__The data__:
_____

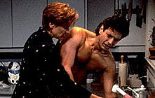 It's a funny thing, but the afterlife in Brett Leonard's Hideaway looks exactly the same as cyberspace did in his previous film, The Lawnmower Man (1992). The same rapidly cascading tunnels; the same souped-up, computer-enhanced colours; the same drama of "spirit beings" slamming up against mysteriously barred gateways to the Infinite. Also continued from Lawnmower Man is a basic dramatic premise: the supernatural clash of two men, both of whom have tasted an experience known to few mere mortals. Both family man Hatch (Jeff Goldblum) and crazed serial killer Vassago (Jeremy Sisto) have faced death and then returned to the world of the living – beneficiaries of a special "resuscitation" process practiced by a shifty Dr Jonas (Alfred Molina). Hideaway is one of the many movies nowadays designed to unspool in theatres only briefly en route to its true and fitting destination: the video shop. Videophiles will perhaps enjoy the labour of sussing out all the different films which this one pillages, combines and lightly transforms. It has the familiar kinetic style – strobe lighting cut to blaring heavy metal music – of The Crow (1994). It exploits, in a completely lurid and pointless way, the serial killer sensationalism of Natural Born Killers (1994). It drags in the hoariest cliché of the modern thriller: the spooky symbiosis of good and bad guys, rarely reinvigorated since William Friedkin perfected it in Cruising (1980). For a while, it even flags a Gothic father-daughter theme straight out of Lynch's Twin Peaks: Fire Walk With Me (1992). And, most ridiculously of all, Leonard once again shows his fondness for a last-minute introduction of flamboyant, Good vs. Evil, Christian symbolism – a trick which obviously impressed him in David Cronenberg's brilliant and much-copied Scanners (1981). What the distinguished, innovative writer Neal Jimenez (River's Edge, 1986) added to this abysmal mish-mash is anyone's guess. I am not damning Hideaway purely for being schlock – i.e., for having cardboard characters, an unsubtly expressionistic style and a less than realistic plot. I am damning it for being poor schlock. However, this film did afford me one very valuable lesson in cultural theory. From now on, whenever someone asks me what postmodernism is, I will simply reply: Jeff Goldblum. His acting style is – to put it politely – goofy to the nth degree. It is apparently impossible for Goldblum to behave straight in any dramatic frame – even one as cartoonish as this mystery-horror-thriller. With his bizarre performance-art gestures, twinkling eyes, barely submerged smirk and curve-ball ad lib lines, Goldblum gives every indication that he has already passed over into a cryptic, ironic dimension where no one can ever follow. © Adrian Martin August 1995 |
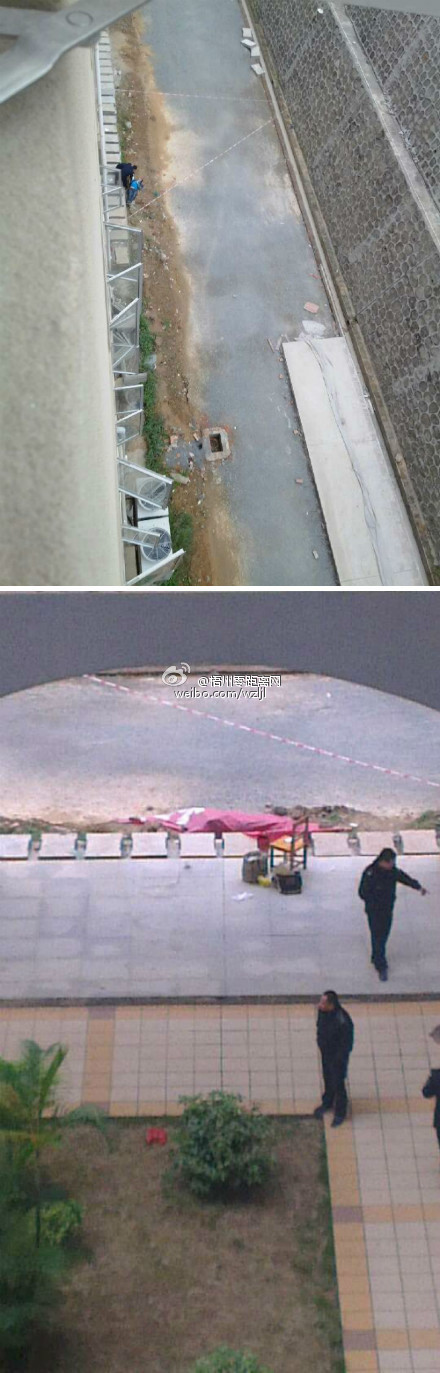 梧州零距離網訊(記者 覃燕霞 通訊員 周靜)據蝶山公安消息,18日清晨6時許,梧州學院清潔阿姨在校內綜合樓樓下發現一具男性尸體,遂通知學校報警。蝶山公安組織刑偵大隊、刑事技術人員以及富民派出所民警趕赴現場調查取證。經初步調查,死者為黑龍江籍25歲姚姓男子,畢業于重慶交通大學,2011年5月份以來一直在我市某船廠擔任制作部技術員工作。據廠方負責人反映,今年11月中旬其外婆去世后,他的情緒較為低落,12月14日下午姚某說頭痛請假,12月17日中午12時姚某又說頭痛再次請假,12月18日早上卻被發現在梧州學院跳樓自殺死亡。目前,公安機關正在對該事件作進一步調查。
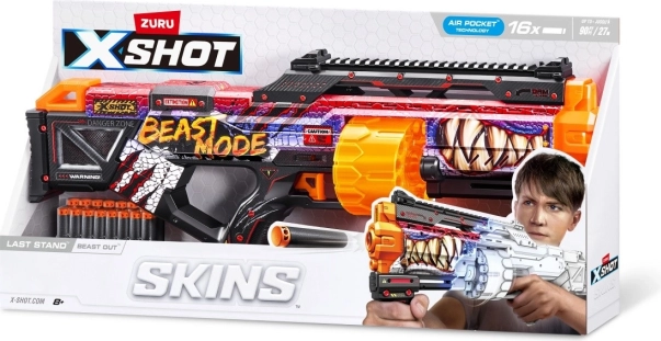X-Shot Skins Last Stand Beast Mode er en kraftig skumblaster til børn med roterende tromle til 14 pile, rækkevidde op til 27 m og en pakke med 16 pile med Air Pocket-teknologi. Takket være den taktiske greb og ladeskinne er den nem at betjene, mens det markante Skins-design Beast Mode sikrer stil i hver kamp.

_____

__Exercise aim__: Print every line above exactly as given, but not the pictures.

__Answer to this task__:
 It's a funny thing, but the afterlife in Brett Leonard's Hideaway looks exactly the same as cyberspace did in his previous film, The Lawnmower Man (1992). The same rapidly cascading tunnels; the same souped-up, computer-enhanced colours; the same drama of "spirit beings" slamming up against mysteriously barred gateways to the Infinite. Also continued from Lawnmower Man is a basic dramatic premise: the supernatural clash of two men, both of whom have tasted an experience known to few mere mortals. Both family man Hatch (Jeff Goldblum) and crazed serial killer Vassago (Jeremy Sisto) have faced death and then returned to the world of the living – beneficiaries of a special "resuscitation" process practiced by a shifty Dr Jonas (Alfred Molina). Hideaway is one of the many movies nowadays designed to unspool in theatres only briefly en route to its true and fitting destination: the video shop. Videophiles will perhaps enjoy the labour of sussing out all the different films which this one pillages, combines and lightly transforms. It has the familiar kinetic style – strobe lighting cut to blaring heavy metal music – of The Crow (1994). It exploits, in a completely lurid and pointless way, the serial killer sensationalism of Natural Born Killers (1994). It drags in the hoariest cliché of the modern thriller: the spooky symbiosis of good and bad guys, rarely reinvigorated since William Friedkin perfected it in Cruising (1980). For a while, it even flags a Gothic father-daughter theme straight out of Lynch's Twin Peaks: Fire Walk With Me (1992). And, most ridiculously of all, Leonard once again shows his fondness for a last-minute introduction of flamboyant, Good vs. Evil, Christian symbolism – a trick which obviously impressed him in David Cronenberg's brilliant and much-copied Scanners (1981). What the distinguished, innovative writer Neal Jimenez (River's Edge, 1986) added to this abysmal mish-mash is anyone's guess. I am not damning Hideaway purely for being schlock – i.e., for having cardboard characters, an unsubtly expressionistic style and a less than realistic plot. I am damning it for being poor schlock. However, this film did afford me one very valuable lesson in cultural theory. From now on, whenever someone asks me what postmodernism is, I will simply reply: Jeff Goldblum. His acting style is – to put it politely – goofy to the nth degree. It is apparently impossible for Goldblum to behave straight in any dramatic frame – even one as cartoonish as this mystery-horror-thriller. With his bizarre performance-art gestures, twinkling eyes, barely submerged smirk and curve-ball ad lib lines, Goldblum gives every indication that he has already passed over into a cryptic, ironic dimension where no one can ever follow. © Adrian Martin August 1995 |
 梧州零距離網訊(記者 覃燕霞 通訊員 周靜)據蝶山公安消息,18日清晨6時許,梧州學院清潔阿姨在校內綜合樓樓下發現一具男性尸體,遂通知學校報警。蝶山公安組織刑偵大隊、刑事技術人員以及富民派出所民警趕赴現場調查取證。經初步調查,死者為黑龍江籍25歲姚姓男子,畢業于重慶交通大學,2011年5月份以來一直在我市某船廠擔任制作部技術員工作。據廠方負責人反映,今年11月中旬其外婆去世后,他的情緒較為低落,12月14日下午姚某說頭痛請假,12月17日中午12時姚某又說頭痛再次請假,12月18日早上卻被發現在梧州學院跳樓自殺死亡。目前,公安機關正在對該事件作進一步調查。
X-Shot Skins Last Stand Beast Mode er en kraftig skumblaster til børn med roterende tromle til 14 pile, rækkevidde op til 27 m og en pakke med 16 pile med Air Pocket-teknologi. Takket være den taktiske greb og ladeskinne er den nem at betjene, mens det markante Skins-design Beast Mode sikrer stil i hver kamp.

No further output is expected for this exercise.